Word for word, copy the listing below and leave out its images.

● MATERIAL FOR THIS EXERCISE:

=-=-=-=-=

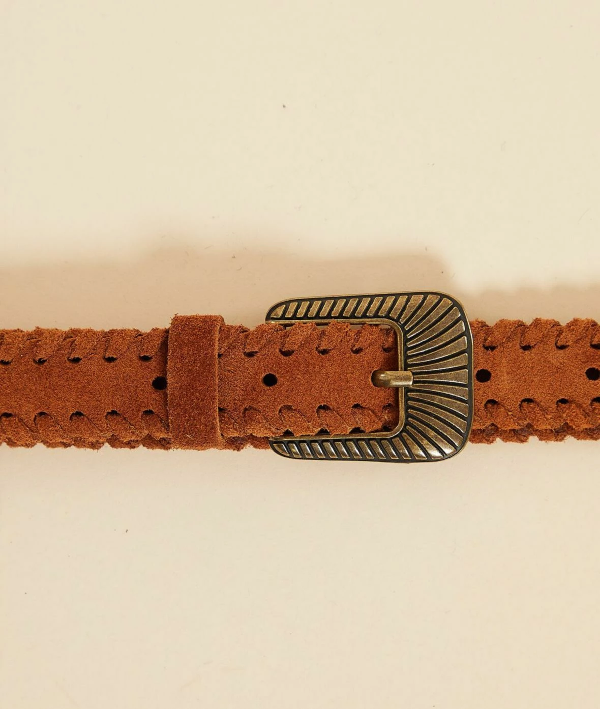 Accessoires Prêt-à-porter | Ceinture Croûte De Cuir Bords Tressés CAMEL | Etam Femme
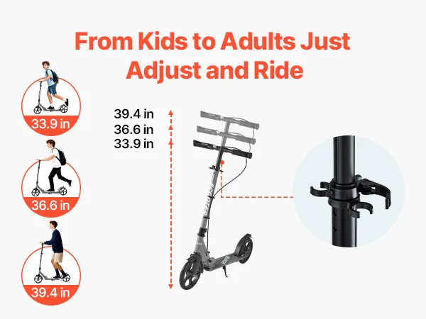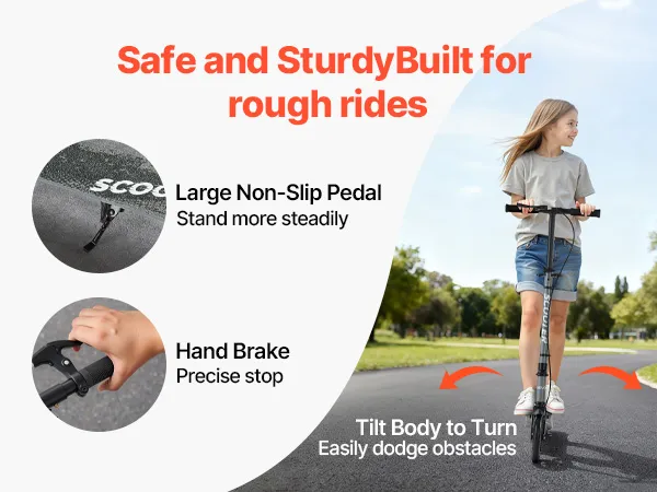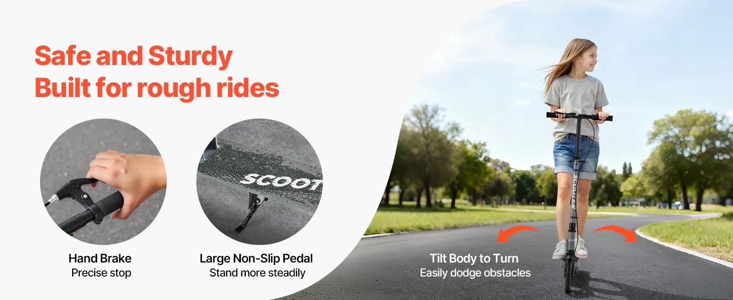Our kids kick scooter features non-slip handle covers for a secure grip, ensuring it won't easily slip out of little hands.
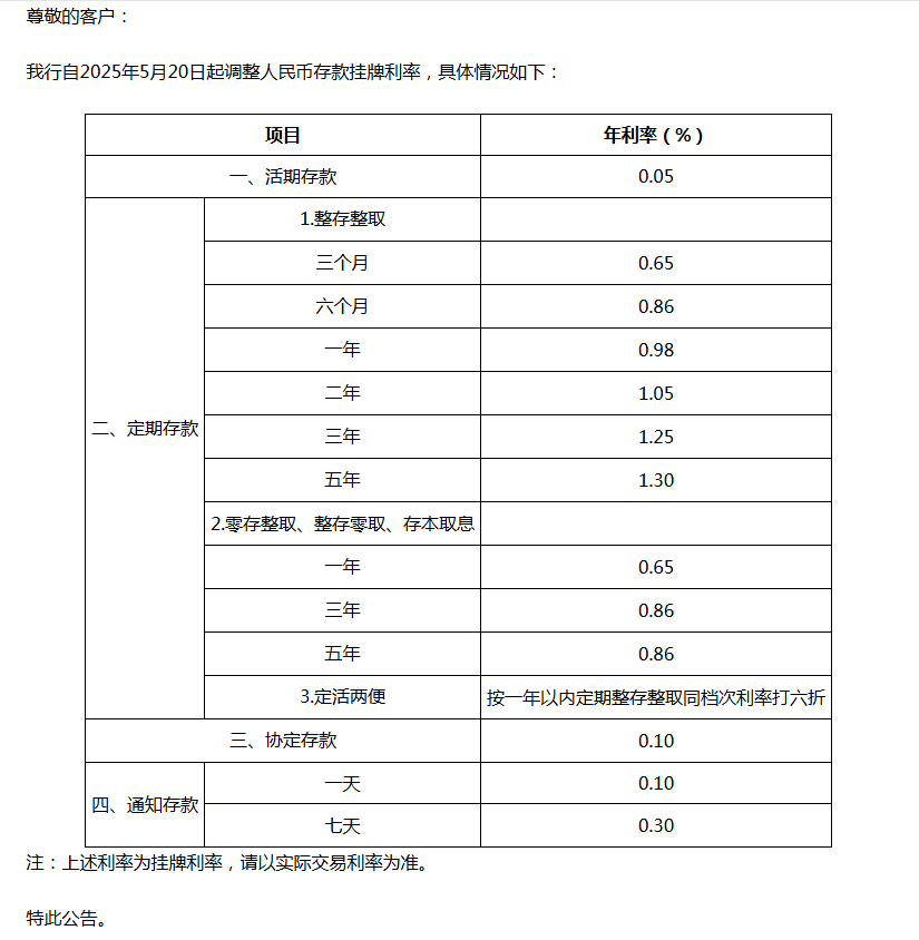5月20日,邮储银行对多个期限的人民币存款利率进行了下调,其中活期存款利率下调至0.05%;定期三个月期、半年期、一年期、三年期和五年期均有下调,分别为0.65%、0.86%、0.98%、1.25%和1.30%。
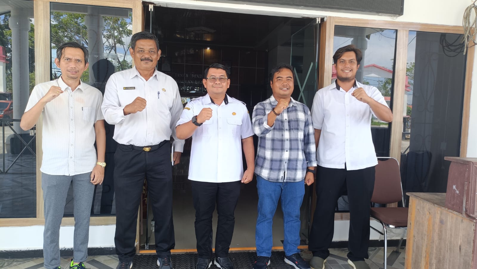 Foto. Ketua panitia pelaksana Kejurnas Grasstrack Regional IV Kalimantan Putaran II Tahun 2025 Hermanto (dua dari kanan) dan beberapa anggota panitia bersama Kadisdikpora Gumas Aprianto (tiga dari kiri).(Jendela Kalteng/nh)
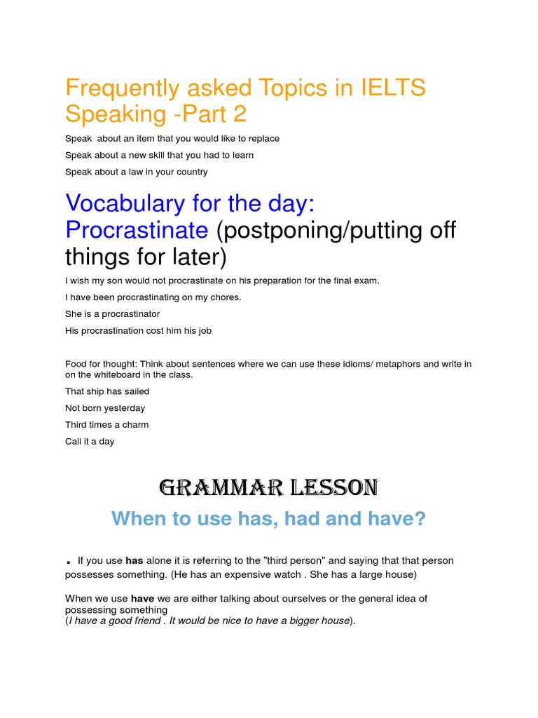 Frequently asked Topics in IELTS
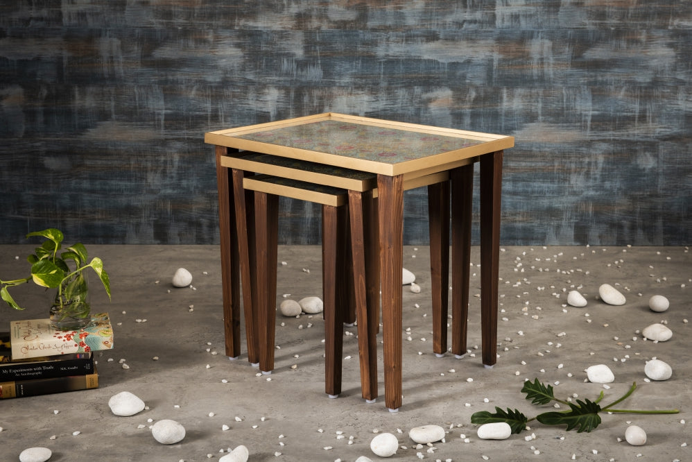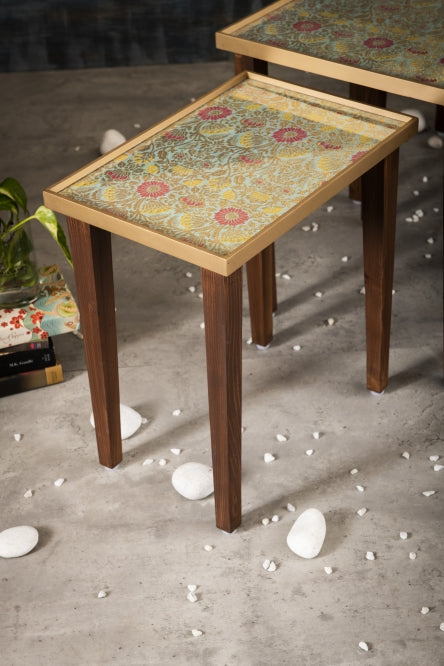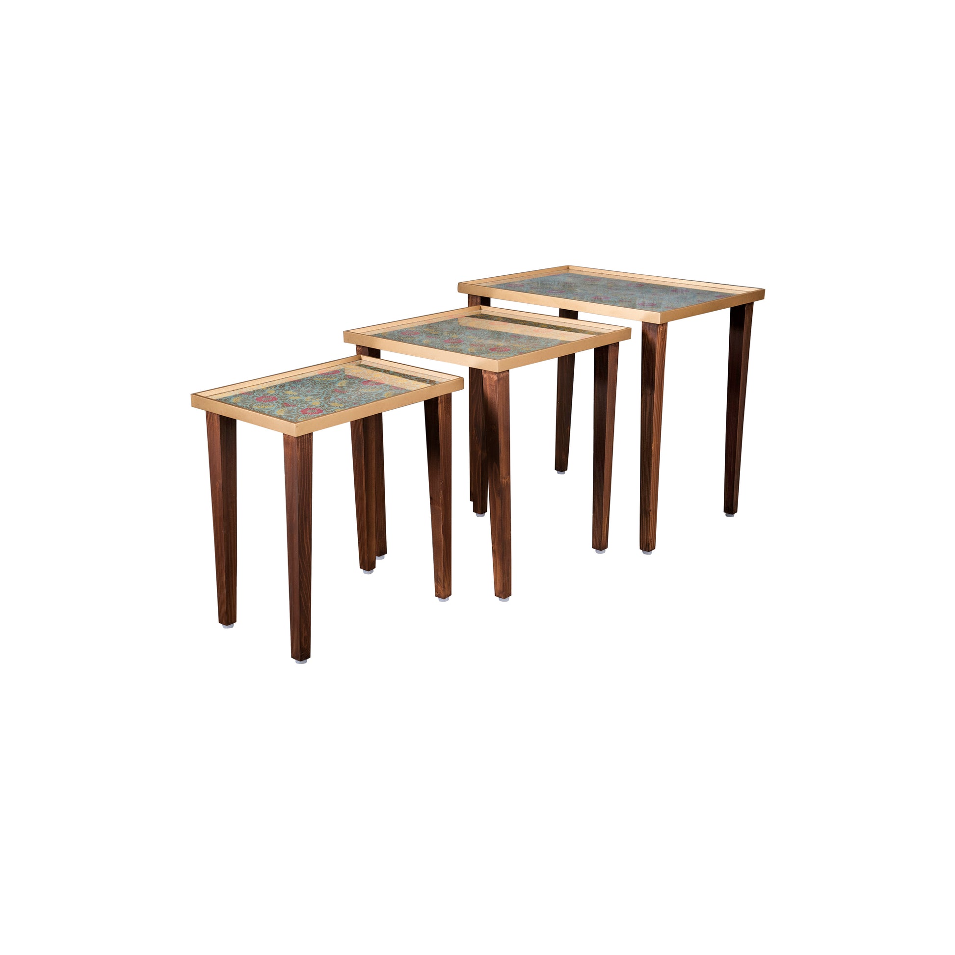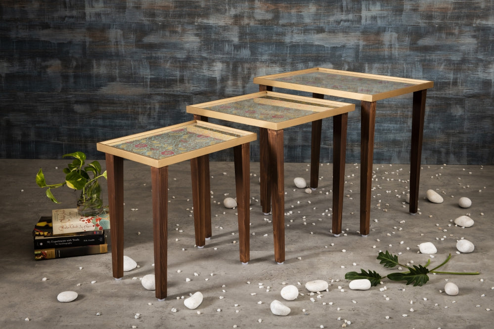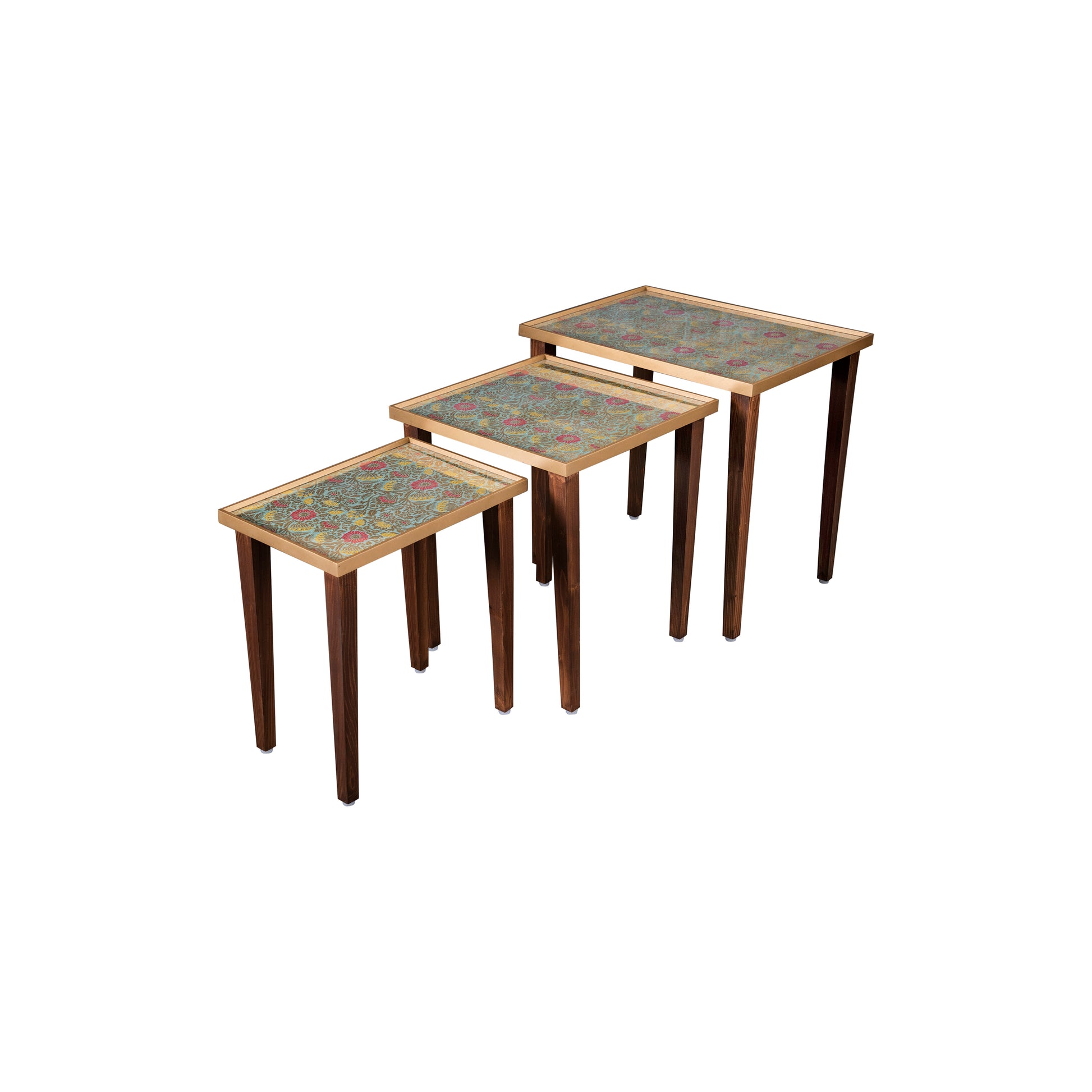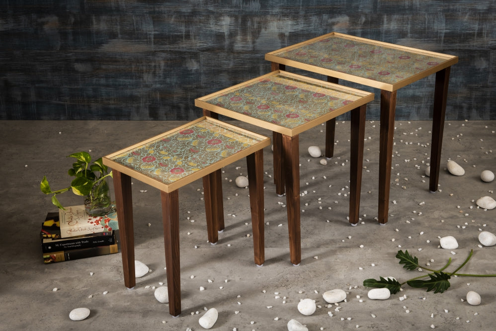 A Tiny Mistake Khimkhwab Weave Brocade Wooden Rectangle Nesting Tables (Set of 3), Living Room Decor

=-=-=-=-=

● ANSWER TO THIS PROBLEM:
 Accessoires Prêt-à-porter | Ceinture Croûte De Cuir Bords Tressés CAMEL | Etam Femme
Our kids kick scooter features non-slip handle covers for a secure grip, ensuring it won't easily slip out of little hands.
5月20日,邮储银行对多个期限的人民币存款利率进行了下调,其中活期存款利率下调至0.05%;定期三个月期、半年期、一年期、三年期和五年期均有下调,分别为0.65%、0.86%、0.98%、1.25%和1.30%。
 Foto. Ketua panitia pelaksana Kejurnas Grasstrack Regional IV Kalimantan Putaran II Tahun 2025 Hermanto (dua dari kanan) dan beberapa anggota panitia bersama Kadisdikpora Gumas Aprianto (tiga dari kiri).(Jendela Kalteng/nh)
 Frequently asked Topics in IELTS
 A Tiny Mistake Khimkhwab Weave Brocade Wooden Rectangle Nesting Tables (Set of 3), Living Room Decor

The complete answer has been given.